The Mishkan, and Beit HaMikdash (the Temple in Jerusalem) that replaced it, are both long vanished from this world. But, we still have the “normal and safe” means of drawing in God’s holiness. But we have to look at them as such. Often we we pray we think of it, at best, as a spiritual exercise to refine us to be better people or a mechanical practice to either fulfill a duty or spend time with friends at worst. Each prayer can be a small step in aligning our souls to God’s holiness. Every mitzvah performed with this kavannah (intention) has the same potential. Every act of kindness, every choice to behave ethically according to the Torah, every step we take can move us closer to God. But if we never look for it, never think of it, the power of life and strength that comes with holiness will pass us by.

Published in: on March 21, 2011 at 10:40 pm  Leave a Comment  

Is Judaism Racist?

Trivia question: What is the only UN resolution ever to be revoked? UN resolution 3379 which called Zionism, racism. As part of the Madrid peace process, the resolution was revoked in the 91 by resolution 46/86.

As fascinating as the ebb and flow of politics can be, the question still remains in the minds of many: Is Judaism racist? This last week we had an electric discussion on Shabbat that covered this very topic.

We can, sadly, point to many episodes in recent Jewish history that seem to support such an attack. A group of rabbis in Israel forbid others from renting to Arabs. Ethiopian Jews and African converts are routinely treated differently in Israel. There was even a period when blood donated by Ethiopians was thrown out by blood banks. Jews have, and unfortunately use, pejorative terms such as goy, shiksah and schvartze.
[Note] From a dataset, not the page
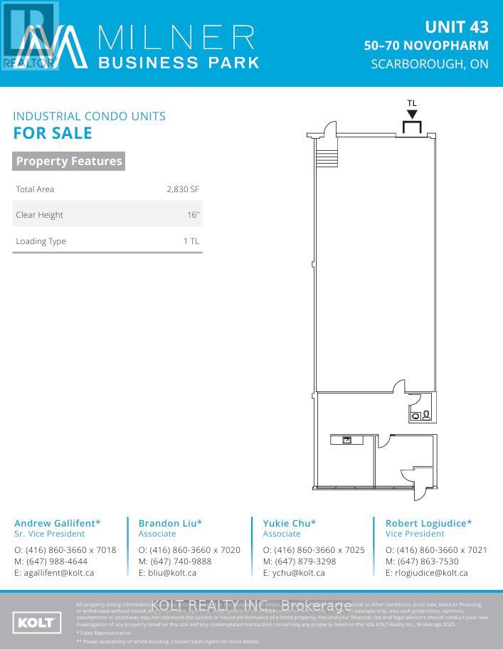 Welcome to the Milner Business Park, featuring this Prime Industrial unit offering 2,830 sq.ft. with 16' clear height, & 1 Truck-level Loading Dock. Ideal for end users or investors.Great location in high demand industrial area and offering quick access to Hwy 401, a keybenefit for logistics and transport-oriented businesses. Flexible E0.6 zoning can accommodate awide range of industrial uses. The property's three access points help streamline entry andexit, with ample parking spaces for your staff & clients. Vendor can provide turnkey buildouts& renovation options, and the space is easily adaptable to your needs. This industrial unit isa smart choice for operational efficiency and investment potential. Industrial Condo Unit #43,Municipal Address 60 Novopharm Court. (id:64974)

However, as someone pointed out, there is difference between what some Jews do and what Judaism teaches. The very first sacrifice mentioned in the book of Leviticus refers to an “adam.” This word can be translated as man, but since Hebrew has another, more common word to denote gender, it is better translated as person or human. Sacrifices from Jews and non-Jews were welcome in the Mishkan and later the Temple in Jerusalem. Throughout the Torah and Tanach, humans are seen as identical. Yes, we each come from different cultures and nations, but our shared humanity is never in doubt. No one, not even the most wicked, are seen as sub-human. We can and should hold on to our distinctiveness, but what sets us apart is our commitment to God through the Torah, not our DNA.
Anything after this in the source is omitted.